_PROBLEM TO SOLVE_
Reproduce exactly, and solely, the lines running from the top of the data below through the line with "فإذا تمحصت لهجة", both inclusive. Omit pictures.

_INPUT DATA_
++++

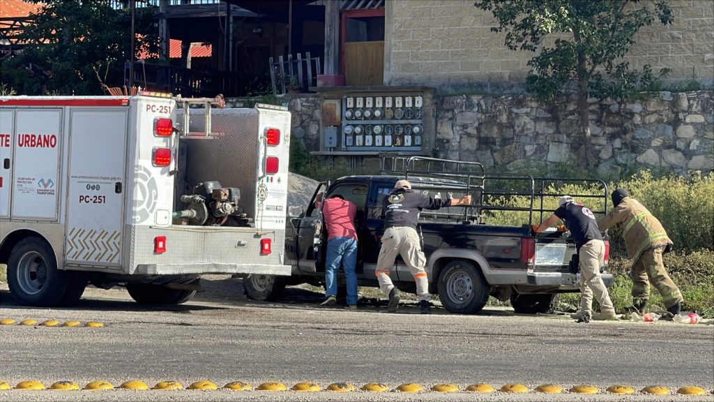 Los hechos sucedieron a la altura de la ranchería Quija, en donde un corto en la instalación eléctrica de una camioneta marca Ford tipo Ranger, de color gris, provocó que la unidad comenzar a incendiarse.
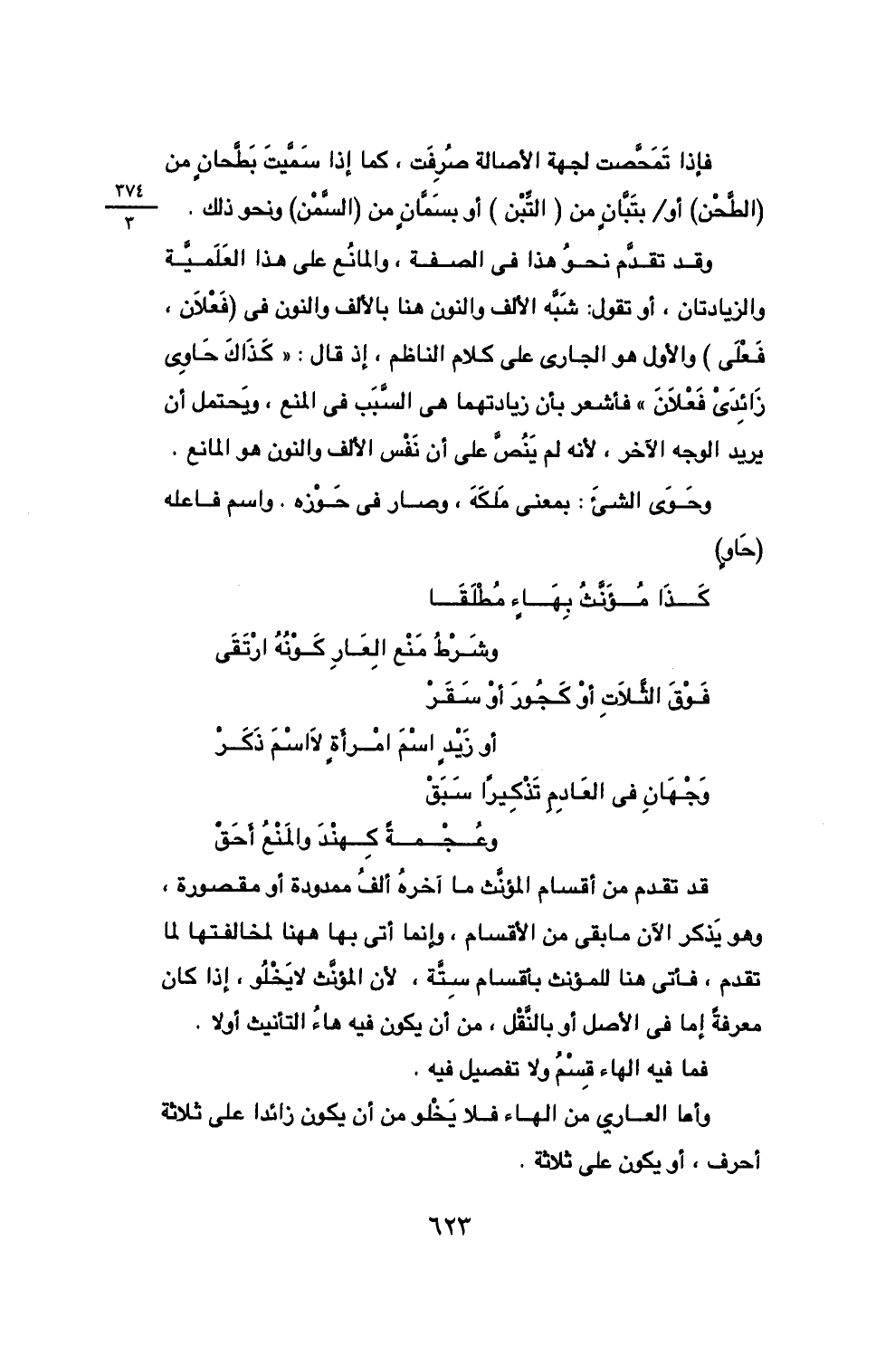 فإذا تمحصت لهجة الأصالة صرفت، كما إذا سميت لطحان من (الطحن) أو بتبانٍ من (التبن) أو بسمان من (السمن) ونحو ذلك.
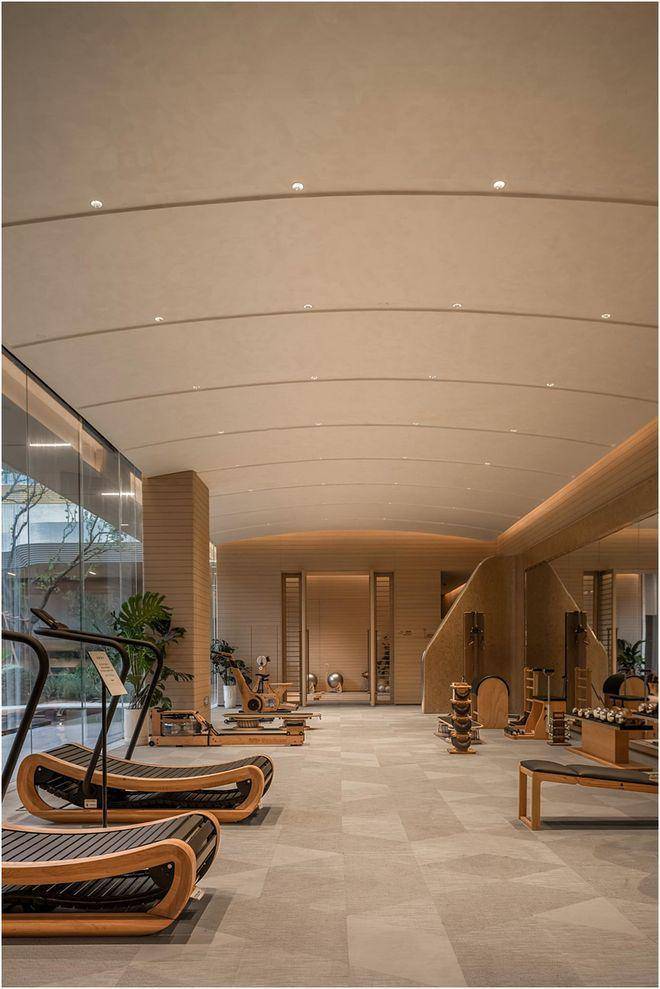 自然贯穿了整个社区公区的设计语言,整体约1200㎡立体会所+约1700㎡主题架空层,配备了私宴厅、瑜伽室、棋牌室等休闲空间。
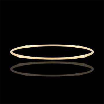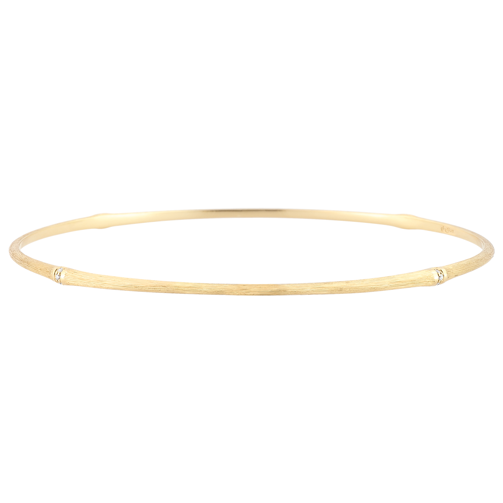 Een soepele en solide bamboetak geeft nu vorm aan een armband van geborsteld geelgoud, met diamanten bezet, voor een eeuwigdurend band. De met de hand uitgevoerde matte afwerking geeft een natuurlijke uitstraling aan deze realistische uitvoering.
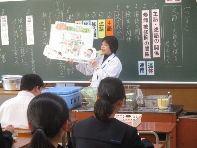 先週に引き続き、南給食センターから栄養教諭が来校し、食に関するお話をしてくださいました。
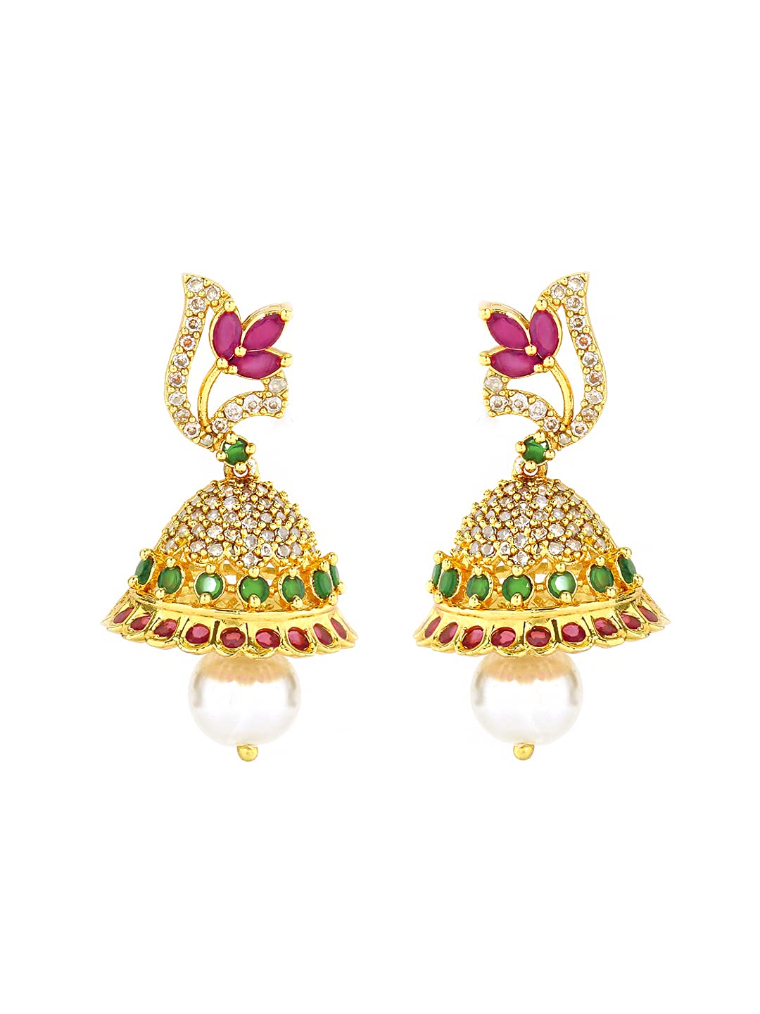 - Elegant Pretty adorable Stylish AD/American Diamond Crystal Studded Classic Jhumka Earrings .New style ladies earrings Ethnic yet Contemporary hold in its Design, can be worn on any Occasion to boost up your Attire Looks.

++++

_ANSWER BOX_
 Los hechos sucedieron a la altura de la ranchería Quija, en donde un corto en la instalación eléctrica de una camioneta marca Ford tipo Ranger, de color gris, provocó que la unidad comenzar a incendiarse.
 فإذا تمحصت لهجة الأصالة صرفت، كما إذا سميت لطحان من (الطحن) أو بتبانٍ من (التبن) أو بسمان من (السمن) ونحو ذلك.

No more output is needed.